Input data:

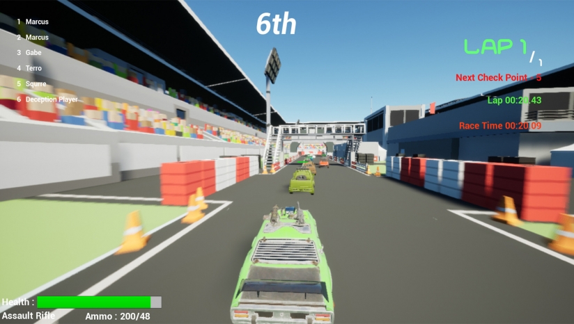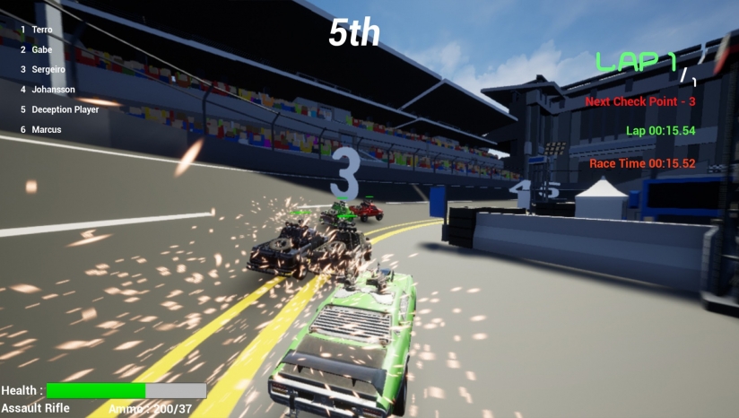 游戏包含14种不同的曲目,其中包括几个不同的熟练ai对手。玩家车有2种不同的武器,发射器和突击步枪。因此赢得比赛并摧毁敌人的对手。还有每个轨道隐藏的奖杯,这将给玩家Steam成就。玩家将驾驶肌肉武器化的汽车和ai对手的车辆是卡车和肌肉车。每场比赛持续1-2圈,视赛道而定。赛车手需要通过检查站,所以选择快捷方式不是选择。
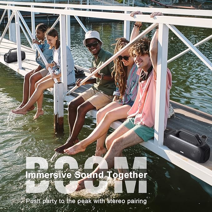 DOSS Extreme Boom Outdoor Bluetooth Speaker with 60W Mighty Sound, Deep Bass, 30H Playtime,10400mAh Power Bank, BT 5.3, IPX6 Waterproof, Portable Strap for Camping, Pool, Beach, Garage, Work
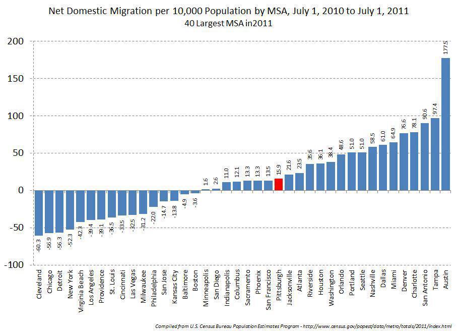 The graph below shows net migration per 10,000 population by Metropolitan Statistical Area from July, 2010 to July, 2011 for the 40 largest MSAs in 2011:
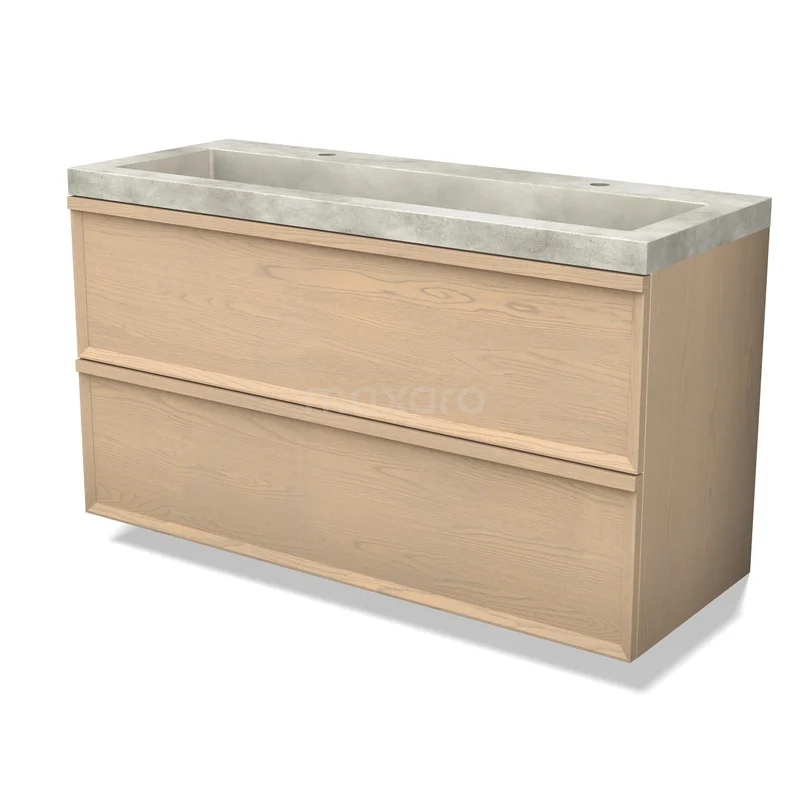 Modulo Plus Bathroom furniture with sink | 120 cm Natural oak Facet front Concrete 2 Stacked drawers
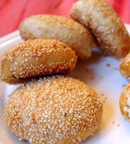 材料和制作:蟹壳黄的制作原料主要包括糯米粉、白糖、芝麻、油等,制作过程中先将面糊揉成团,再包入甜馅或咸馅,最后烤制而成。
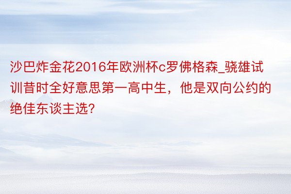 沙巴炸金花2016年欧洲杯c罗佛格森_骁雄试训昔时全好意思第一高中生,他是双向公约的绝佳东谈主选?
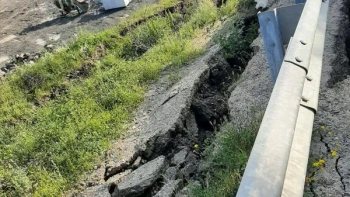Уточняется, что из-за оползня произошло обрушение части насыпи дороги, что стало причиной повреждения асфальтового покрытия и ограничения движения автотранспорта на участке трассы в районе села Лучистое.
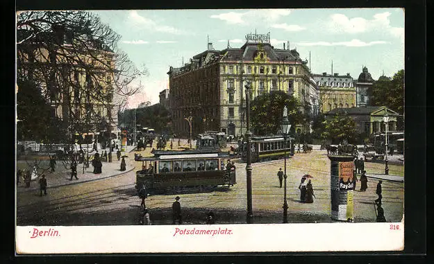 AK Berlin, Strassenbahnen am Potsdamerplatz
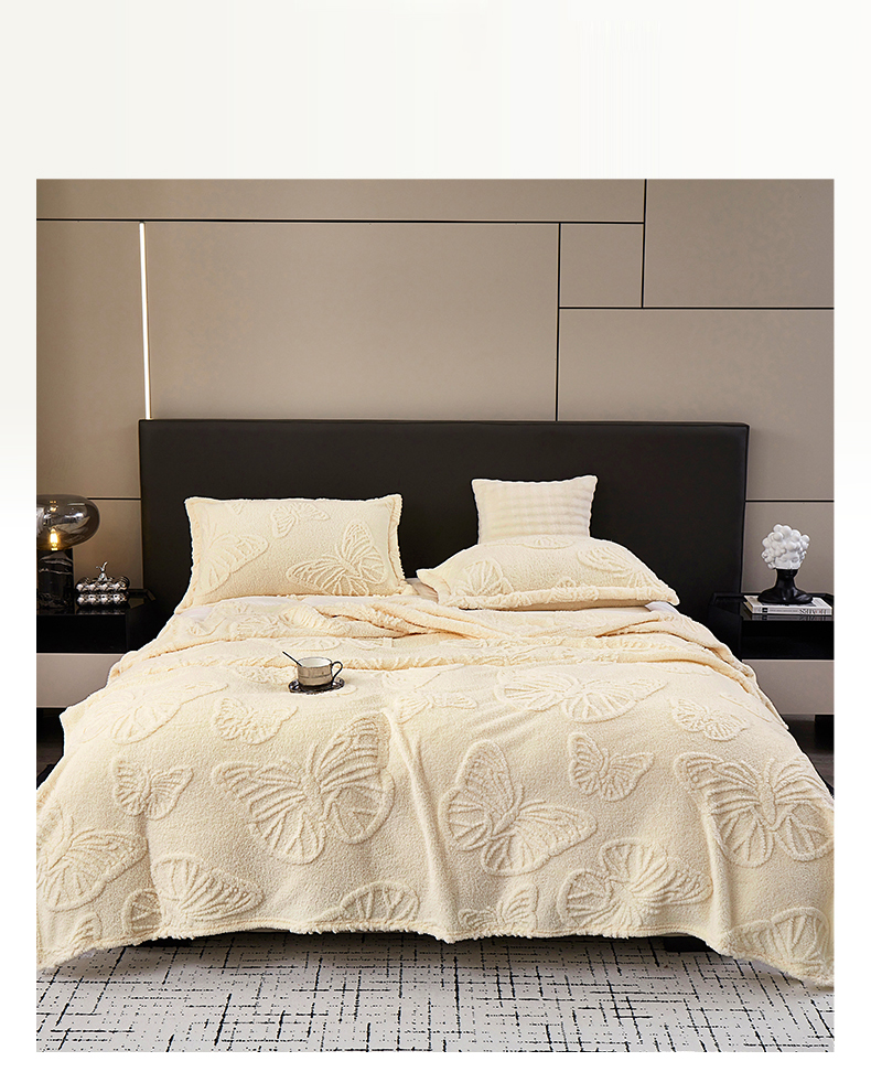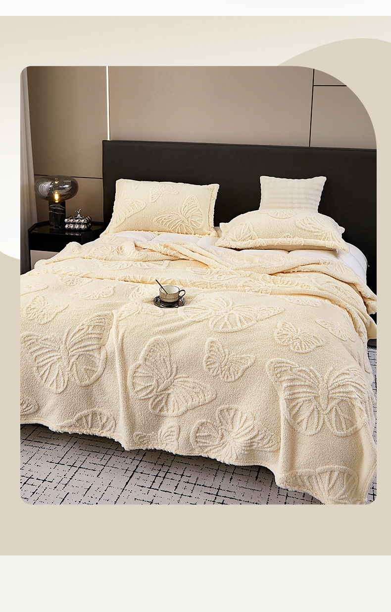 肖恩毯业 2025新款加厚高克重塔芙绒提花毛毯-蝴蝶系列 蝴蝶-奶油白

Exercise: Only the lines from the one with "Modulo Plus Bathroom" through the final line of the entries belong in the answer, set down exactly, with both ends included and no pictures.

Answer box:
 Modulo Plus Bathroom furniture with sink | 120 cm Natural oak Facet front Concrete 2 Stacked drawers
 材料和制作:蟹壳黄的制作原料主要包括糯米粉、白糖、芝麻、油等,制作过程中先将面糊揉成团,再包入甜馅或咸馅,最后烤制而成。
 沙巴炸金花2016年欧洲杯c罗佛格森_骁雄试训昔时全好意思第一高中生,他是双向公约的绝佳东谈主选?
Уточняется, что из-за оползня произошло обрушение части насыпи дороги, что стало причиной повреждения асфальтового покрытия и ограничения движения автотранспорта на участке трассы в районе села Лучистое.
 AK Berlin, Strassenbahnen am Potsdamerplatz
 肖恩毯业 2025新款加厚高克重塔芙绒提花毛毯-蝴蝶系列 蝴蝶-奶油白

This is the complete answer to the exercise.